Input matrix: {{2,2,1,4},{4,1,3,2},{7,1,9,2},{2,10,2,1}}
Desired output: {1, 2}
My output: {2, 2, 1, 0}
public static int[] common_elements(int[][] matrix){
int[] final_array = new int[matrix.length];
for (int i = 0; i < matrix.length; i++) {
int counter = 0;
for (int j = 1; j < matrix.length; j++) {
for (int k = 0; k < matrix.length; k++) {
if(matrix.[0][i] == matrix.[j][k]){
counter += 1;
break;
}
}
}
if(counter == a.length-1){
final_array[i] = a[0][i];
}
}
return final_array;
}
EDIT: This is what I finally got together that fits my requirements and works flawlessly, with comments
public static int[] repetitiveInts(int[][] a){
//This is a method declared outside for sorting every row of the matrix ascending-ly before I do the element search.
for (int i = 0; i < a.length; i++) {
sorting(a[i]);
}
//Declaring a LinkedList in order to add elements on the go
LinkedList<Integer> final_list= new LinkedList<Integer>();
//Iterating through the matrix with every element of the first row, counting if it appears in every row besides the first one.
for (int i = 0; i < a.length; i++) {
int counter = 0;
for (int j = 1; j < a.length; j++) {
for (int k = 0; k < a.length; k++) {
//Checking if an element from the other rows match
if(a[0][i] == a[j][k]){
a[j][k] = a[0][i]-1; //If a match is found, the element is changed so finding duplicates is possible.
counter += 1;
break; //Breaking and checking the next row after one row checks out successfully.
}
}
}
//If the element is indeed in every row, adds it to the lit.
if(counter == a.length-1){
final_list.add(a[0][i]);
}
}
//Since I had to return a regular int[] array, converting the LinkedList into an array.

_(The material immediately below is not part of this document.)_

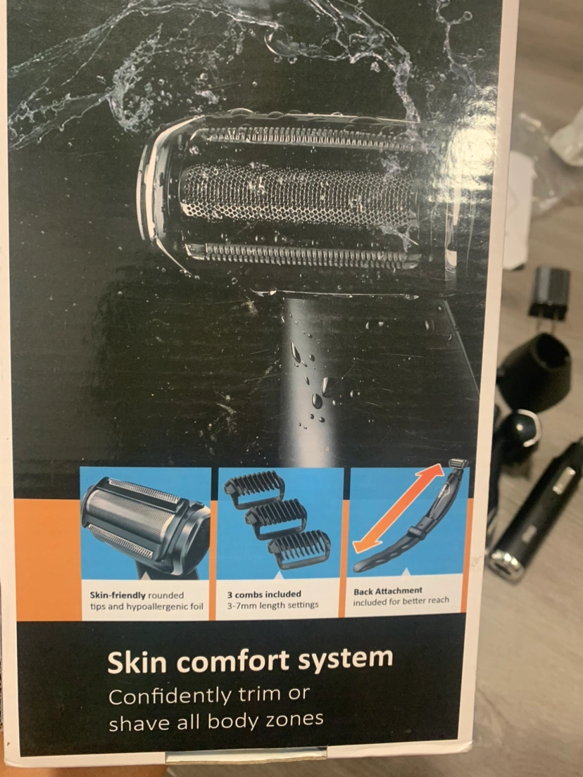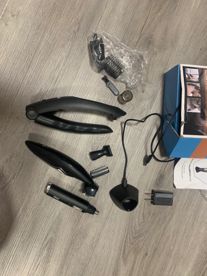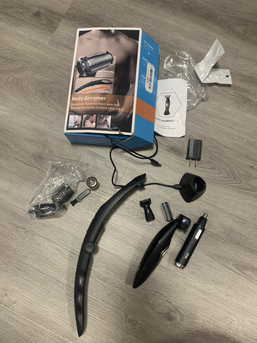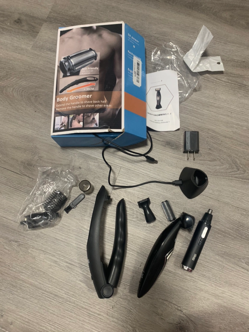 PSP body groomer for sale with multiple attachments, extra blade, nose trimmer, 2 cleaning brush, extension for back grooming, adapter and stand charger. Absolutely New!!

int[] final_realarray= new int[final_list.size()];
for (int i = 0; i < final_list.size(); i++) {
final_realarray[i] = final_list.get(i);
}
return final_realarray;
Grateful for help :)

The most efficient way to solve this problem is by creating a histogram of frequencies for each nested array in the matrix (i.e. determine the number of occurrences for every element in the nested array).
Every histogram will be represented by a Map<Integer, Integer> (array element as a key, its occurrences as a value). To generate a histogram only a single pass through the array is needed. In the solution below this logic resides inside the getFrequencies() method.
After creating all histograms we have to merge them. In terms of set theory we are looking for an intersection of keys in all histograms. I.e. we need only those keys that appear at least once in every histogram and a value for each key will be the smallest in all histograms for that key. This logic is placed in the getCommonElements().
In order to create a merged histogram, we can pick any of the histograms (in the code below the first histogram is used frequencies.get(0).keySet()) and iterate over its keys. Then in the nested loop, for every key, we need to find the minimum value associated with that in every histogram in a list (reminder: that will be the smallest number of occurrences for the key).
At the same time, while merging histograms we can also find the length of the resulting array by adding all the minimal frequencies together. That small optimization will allow to avoid doing the second iteration over the merged map.
The last step required is to populate the resulting array commonElements with keys from the merged histogram. Value of every key denotes how many times it has to be placed in the resulting array.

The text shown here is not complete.